Andrews served on the following committees:
- Armed Services Committee
- Subcommittee on Oversight & Investigations
- Education and the Workforce Committee
- Subcommittee on Workforce Protections
- Subcommittee on Health, Employment, Labor and Pensions Ranking member
Andrews served on the following committees:
- Armed Services Committee
- Subcommittee on Emerging Threats and Capabilities
- Subcommittee on Oversight and Investigation
- Education and Workforce Committee
- Subcommittee on Health, Employment, Labor and Pensions (Ranking member)
- Subcommittee on Higher Education and Workforce Training
The second session of the 113th Congress enacted into law 114 out of the 3,036 introduced bills (3.8 percent). Comparatively, the 112th Congress had 4.2 percent of introduced bills enacted into law in the second session. For more information pertaining to Andrews's voting record in the 113th Congress, please see the below sections.
Andrews supported HR 1960 - the National Defense Authorization Act for Fiscal Year 2014. The bill passed the House on June 14, 2013, with a vote of 315 - 108. Both parties were somewhat divided on the vote.

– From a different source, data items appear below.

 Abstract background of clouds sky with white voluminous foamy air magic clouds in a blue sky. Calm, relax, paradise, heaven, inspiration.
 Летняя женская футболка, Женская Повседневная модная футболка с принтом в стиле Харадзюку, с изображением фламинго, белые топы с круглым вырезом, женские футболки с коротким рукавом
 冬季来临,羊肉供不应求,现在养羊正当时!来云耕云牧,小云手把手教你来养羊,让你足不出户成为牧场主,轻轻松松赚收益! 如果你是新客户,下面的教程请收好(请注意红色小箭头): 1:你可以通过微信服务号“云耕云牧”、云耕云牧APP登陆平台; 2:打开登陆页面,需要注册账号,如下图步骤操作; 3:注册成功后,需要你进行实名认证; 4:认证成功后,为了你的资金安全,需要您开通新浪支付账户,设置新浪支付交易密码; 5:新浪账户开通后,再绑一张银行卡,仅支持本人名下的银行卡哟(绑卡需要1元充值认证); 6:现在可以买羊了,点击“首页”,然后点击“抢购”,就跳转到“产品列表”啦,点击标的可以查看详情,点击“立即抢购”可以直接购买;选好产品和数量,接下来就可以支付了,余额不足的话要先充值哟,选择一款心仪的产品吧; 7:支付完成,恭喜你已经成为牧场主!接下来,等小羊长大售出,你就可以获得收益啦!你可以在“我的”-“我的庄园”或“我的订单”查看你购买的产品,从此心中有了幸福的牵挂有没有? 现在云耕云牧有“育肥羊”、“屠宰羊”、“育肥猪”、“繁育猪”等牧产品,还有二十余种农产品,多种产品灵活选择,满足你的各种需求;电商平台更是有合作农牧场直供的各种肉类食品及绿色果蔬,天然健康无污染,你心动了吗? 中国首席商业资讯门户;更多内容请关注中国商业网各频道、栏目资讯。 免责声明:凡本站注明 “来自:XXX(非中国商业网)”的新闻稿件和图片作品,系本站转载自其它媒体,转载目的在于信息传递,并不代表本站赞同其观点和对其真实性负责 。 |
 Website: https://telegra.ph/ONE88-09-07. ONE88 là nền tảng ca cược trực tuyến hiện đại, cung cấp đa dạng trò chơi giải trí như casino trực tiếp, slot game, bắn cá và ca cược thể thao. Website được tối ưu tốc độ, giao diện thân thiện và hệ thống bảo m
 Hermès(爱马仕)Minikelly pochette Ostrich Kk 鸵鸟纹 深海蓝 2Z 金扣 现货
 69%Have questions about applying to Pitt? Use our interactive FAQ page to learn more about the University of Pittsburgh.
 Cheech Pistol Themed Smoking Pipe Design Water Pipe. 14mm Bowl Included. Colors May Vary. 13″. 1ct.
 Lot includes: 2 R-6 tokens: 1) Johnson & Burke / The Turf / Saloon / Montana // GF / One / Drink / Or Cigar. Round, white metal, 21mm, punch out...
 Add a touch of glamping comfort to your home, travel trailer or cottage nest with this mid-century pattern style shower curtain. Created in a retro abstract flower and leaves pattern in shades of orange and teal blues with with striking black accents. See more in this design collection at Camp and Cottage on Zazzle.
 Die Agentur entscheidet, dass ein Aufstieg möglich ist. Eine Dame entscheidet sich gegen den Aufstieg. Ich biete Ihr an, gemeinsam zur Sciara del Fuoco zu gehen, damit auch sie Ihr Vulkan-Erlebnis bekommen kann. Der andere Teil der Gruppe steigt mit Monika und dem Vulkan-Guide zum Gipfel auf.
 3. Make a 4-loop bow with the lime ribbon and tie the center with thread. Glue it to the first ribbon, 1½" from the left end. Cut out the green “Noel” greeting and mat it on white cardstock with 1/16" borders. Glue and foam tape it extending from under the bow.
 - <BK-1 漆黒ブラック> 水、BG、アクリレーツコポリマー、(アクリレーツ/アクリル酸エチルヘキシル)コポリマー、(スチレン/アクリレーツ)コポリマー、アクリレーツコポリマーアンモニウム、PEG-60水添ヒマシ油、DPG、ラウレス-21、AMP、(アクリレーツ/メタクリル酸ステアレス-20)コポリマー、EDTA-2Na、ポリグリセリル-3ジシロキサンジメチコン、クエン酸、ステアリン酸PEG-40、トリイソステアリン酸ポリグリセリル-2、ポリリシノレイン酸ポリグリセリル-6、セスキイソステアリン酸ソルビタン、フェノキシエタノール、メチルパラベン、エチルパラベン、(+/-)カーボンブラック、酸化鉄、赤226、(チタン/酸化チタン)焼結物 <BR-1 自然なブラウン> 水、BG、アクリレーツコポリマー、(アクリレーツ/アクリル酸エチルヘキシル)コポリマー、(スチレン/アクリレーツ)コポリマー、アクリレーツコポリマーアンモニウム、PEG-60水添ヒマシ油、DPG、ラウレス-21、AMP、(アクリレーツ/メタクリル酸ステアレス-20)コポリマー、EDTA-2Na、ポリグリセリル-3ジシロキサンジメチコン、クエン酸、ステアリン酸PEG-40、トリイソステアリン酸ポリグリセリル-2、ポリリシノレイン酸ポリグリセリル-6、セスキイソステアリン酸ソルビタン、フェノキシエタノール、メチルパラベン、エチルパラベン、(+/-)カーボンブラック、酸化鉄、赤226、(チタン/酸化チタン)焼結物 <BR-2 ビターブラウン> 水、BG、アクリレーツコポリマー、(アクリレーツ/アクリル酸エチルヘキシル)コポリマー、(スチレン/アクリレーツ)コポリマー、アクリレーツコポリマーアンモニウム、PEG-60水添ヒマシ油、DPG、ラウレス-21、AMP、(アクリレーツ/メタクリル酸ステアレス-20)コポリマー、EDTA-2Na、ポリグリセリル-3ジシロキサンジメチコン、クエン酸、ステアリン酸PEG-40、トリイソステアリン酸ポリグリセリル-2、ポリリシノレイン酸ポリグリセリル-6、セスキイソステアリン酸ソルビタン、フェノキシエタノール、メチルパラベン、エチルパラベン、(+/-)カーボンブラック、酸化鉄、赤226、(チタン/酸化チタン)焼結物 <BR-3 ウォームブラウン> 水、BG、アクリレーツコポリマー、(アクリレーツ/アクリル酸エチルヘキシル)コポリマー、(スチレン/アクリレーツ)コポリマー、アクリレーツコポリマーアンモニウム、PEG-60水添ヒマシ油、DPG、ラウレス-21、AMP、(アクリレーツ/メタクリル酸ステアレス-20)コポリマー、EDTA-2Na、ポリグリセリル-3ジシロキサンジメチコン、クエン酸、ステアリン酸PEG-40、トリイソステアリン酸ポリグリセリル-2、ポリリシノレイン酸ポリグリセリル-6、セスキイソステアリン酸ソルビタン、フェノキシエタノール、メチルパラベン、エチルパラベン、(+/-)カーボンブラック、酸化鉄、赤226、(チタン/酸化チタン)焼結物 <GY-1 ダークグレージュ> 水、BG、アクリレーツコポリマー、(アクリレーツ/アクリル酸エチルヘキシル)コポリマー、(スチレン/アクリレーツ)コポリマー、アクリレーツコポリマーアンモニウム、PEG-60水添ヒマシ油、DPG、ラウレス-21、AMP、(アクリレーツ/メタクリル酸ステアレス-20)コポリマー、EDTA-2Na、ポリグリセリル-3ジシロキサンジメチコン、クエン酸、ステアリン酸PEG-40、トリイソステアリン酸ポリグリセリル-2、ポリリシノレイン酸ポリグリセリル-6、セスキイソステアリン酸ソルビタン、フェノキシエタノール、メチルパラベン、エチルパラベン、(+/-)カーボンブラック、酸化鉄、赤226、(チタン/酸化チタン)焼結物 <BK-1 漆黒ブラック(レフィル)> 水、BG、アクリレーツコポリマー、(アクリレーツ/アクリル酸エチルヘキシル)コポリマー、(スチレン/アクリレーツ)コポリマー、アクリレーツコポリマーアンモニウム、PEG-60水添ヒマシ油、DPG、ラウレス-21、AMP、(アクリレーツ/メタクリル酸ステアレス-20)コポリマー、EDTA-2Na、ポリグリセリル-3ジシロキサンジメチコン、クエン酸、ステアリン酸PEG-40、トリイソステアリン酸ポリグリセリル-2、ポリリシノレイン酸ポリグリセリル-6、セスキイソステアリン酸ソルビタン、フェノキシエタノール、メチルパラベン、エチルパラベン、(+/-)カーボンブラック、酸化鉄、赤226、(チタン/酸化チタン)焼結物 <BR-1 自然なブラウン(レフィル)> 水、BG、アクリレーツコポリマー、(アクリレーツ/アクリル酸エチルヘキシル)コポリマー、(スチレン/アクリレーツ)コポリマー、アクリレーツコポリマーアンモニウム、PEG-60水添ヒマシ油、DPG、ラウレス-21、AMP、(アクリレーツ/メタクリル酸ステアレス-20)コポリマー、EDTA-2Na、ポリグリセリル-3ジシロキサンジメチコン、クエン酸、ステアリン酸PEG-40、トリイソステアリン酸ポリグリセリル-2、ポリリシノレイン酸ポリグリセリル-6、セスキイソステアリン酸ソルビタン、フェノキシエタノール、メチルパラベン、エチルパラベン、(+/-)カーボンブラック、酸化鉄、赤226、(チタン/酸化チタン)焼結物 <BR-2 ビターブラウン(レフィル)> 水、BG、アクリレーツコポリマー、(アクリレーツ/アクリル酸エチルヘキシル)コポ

Andrews voted in opposition of HR 2217 - the DHS Appropriations Act of 2014. The bill passed the House on June 6, 2013, with a vote of 245 - 182 and was largely along party lines.
Keystone Pipeline Amendment
Andrews voted in favor of House Amendment 69, which would have amended HR 3 to "require that the Pipeline and Hazardous Materials Safety Administration, in consultation with the Department of Homeland Security, conduct a study of the vulnerabilities of the Keystone XL pipeline to a terrorist attack and certify that necessary protections have been put in place." The amendment failed on May 22, 2013, with a vote of 176 - 239 and was largely along party lines.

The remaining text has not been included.